IBM is by no means the only technology company applying the tools of artificial intelligence to try to create the equivalent of smart digital assistants. In the consumer market, there is Apple’s Siri, Google’s Now and Microsoft’s Cortana. In the corporate market, there is less emphasis on having the software talk to users, but the underlying principle is similar, said David Schubmehl, an analyst at IDC. He singled out Palantir Technologies, Digital Reasoning and Saffron Technology among those pursuing the same market opportunity as IBM’s Watson.

“The technology in this field is rapidly improving, but we’re in the early days,” Mr. Schubmehl said.

How early it is for Watson and how large the payoff might be for the company is uncertain. In January, IBM placed Watson in its own business unit, with new offices in the East Village in Manhattan and a pledge to spend $1 billion on Watson. The financial commitment includes $100 million for a venture fund to support start-ups and entrepreneurs making applications that run on the Watson artificial intelligence software. The goal is that Watson will be not just a product but a so-called platform on which other technology and businesses are built. Operating systems like Microsoft’s Windows, Apple’s iOS and Google’s Android are classic technology platforms, and IBM aspires to make Watson an artificial intelligence operating system.

“The platform strategy for Watson is very smart,” said Tom Austin, an analyst for Gartner. “But I’m waiting for evidence that there is action on the entrepreneurial side — lots of businesses and developers making Watson-based products and trying to make money off it.”

An IBM spokeswoman said the company had “hundreds of clients and partners with active projects” using the Watson technology.
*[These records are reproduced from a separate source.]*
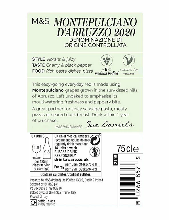 This easy-going everyday red is made using ripe Montepulciano grapes grown in the sun-kissed hills of Abruzzo. Left unoaked to emphasise its mouth-watering freshness and peppery bite.
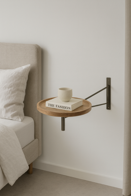 Okrągły blat wykonany z naturalnego drewna wizualnie ociepla ścianę, a metalowy, lekki w odbiorze wspornik umożliwia płynne obracanie półki. Dzięki temu element staje się dynamiczną częścią aranżacji — raz stolikiem nocnym, innym razem miejscem na dekoracje, a kiedy indziej dyskretną półką przy fotelu czy w korytarzu.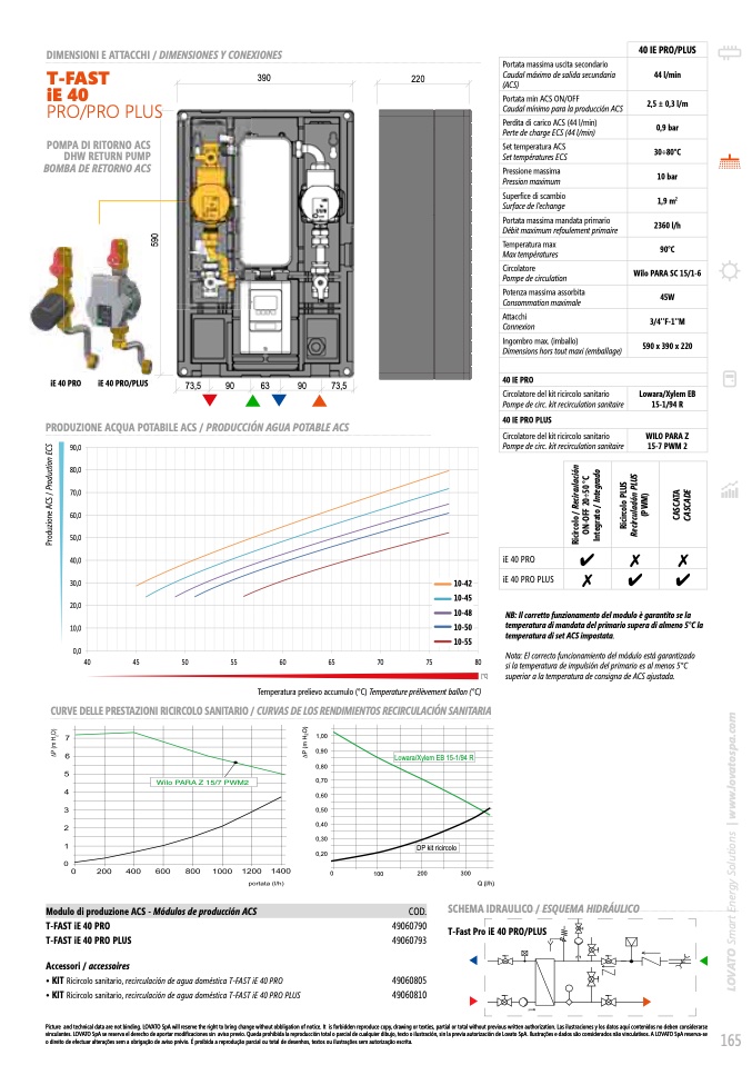 CURVE DELLE PRESTAZIONI RICIRCOLO SANITARIO / CURVAS DE LOS RENDIMIENTOS RECIRCULACIÓN SANITARIA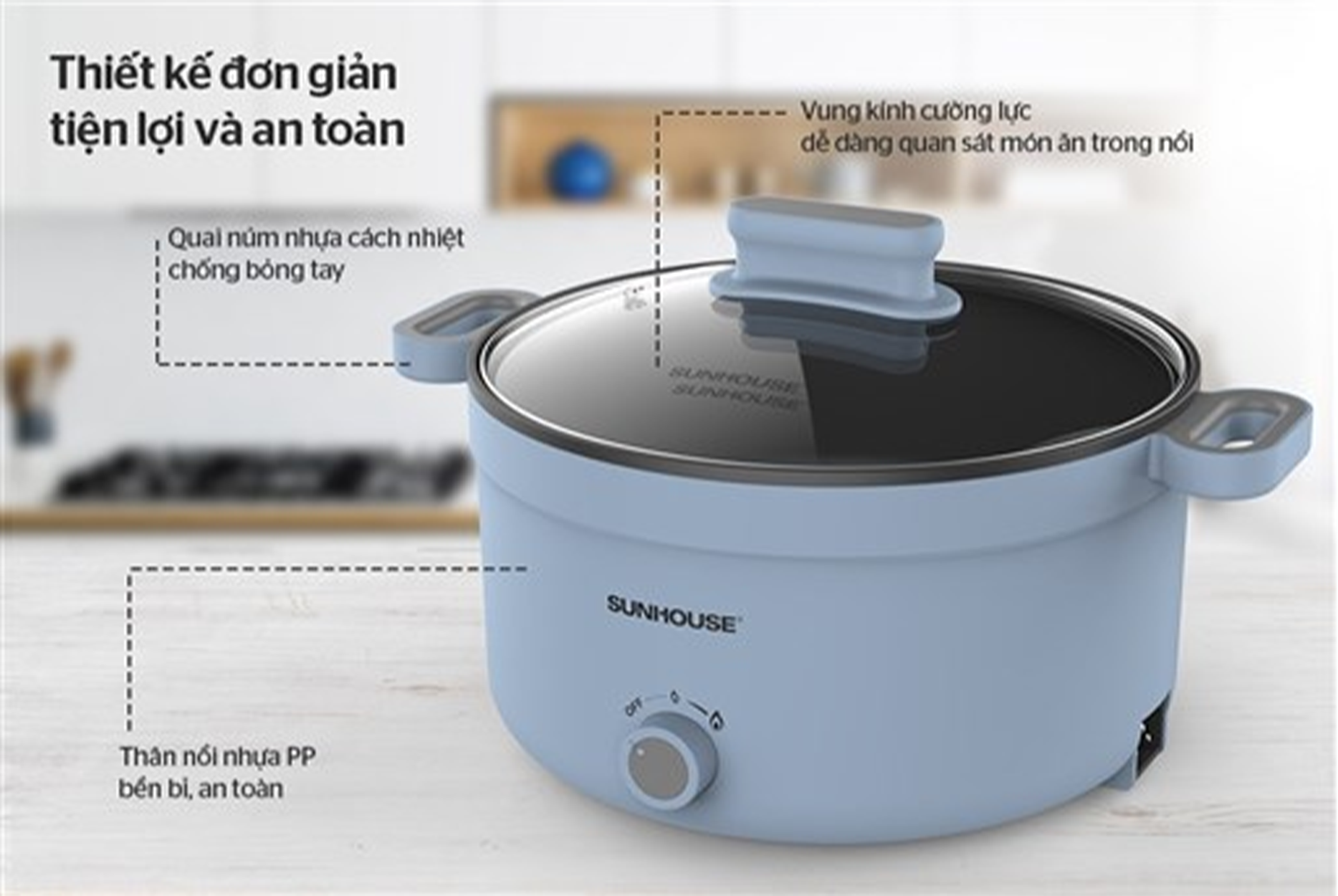 Nồi lẩu điện 3.5L SUNHOUSE SHD4528 có thân nồi làm từ chất liệu nhựa PP cao cấp, bền bỉ, có khả năng chịu nhiệt cao. Đây cũng là chất liệu giúp hạn chế gây bỏng khi tiếp xúc với nồi, an toàn khi sử dụng. Gam màu xanh pastel trendy, lạ mắt, điểm nhấn thời thượng cho căn bếp gia đình.

The IBM research project with the Baylor College of Medicine shed some light on both the hurdles and the opportunity for Watson. Its artificial intelligence software may blitz through thousands of scientific papers in minutes, but only after it was trained to identify medical terms, discern concepts and make connections. Mr. Spangler said he spent two years working with the Baylor researchers. The software that brought success was an application based on Watson called the Baylor Knowledge Integration Toolkit or KnIT.

Proof-of-concept projects like the one with Baylor are always time-consuming. The goal, though, is that what is learned on early projects can be translated to code that is used again and again. Mr. Gordon, the IBM strategist, is confident that Watson can scale up in “co-creation projects with clients that can transform an industry.”

Watson’s quiz-show triumph gave many people the impression that the technology was a general-purpose artificial intelligence, which could be applied to any field. IBM’s early marketing communication did nothing to dampen that enthusiasm. But while Watson 1.0 had general properties, it was designed to win at “Jeopardy!”

Could some version of the Watson technology — now a cloud service instead of a hulking computer — be adapted to technically daunting tasks with the potential for a significant payoff in insights and dollars?

“That question pinpoints our key challenge,” Mr. Spangler observed. And the progress shown in the protein-identification project, he added, suggests that the answer may be yes. “This is what makes me most excited,” Mr. Spangler said.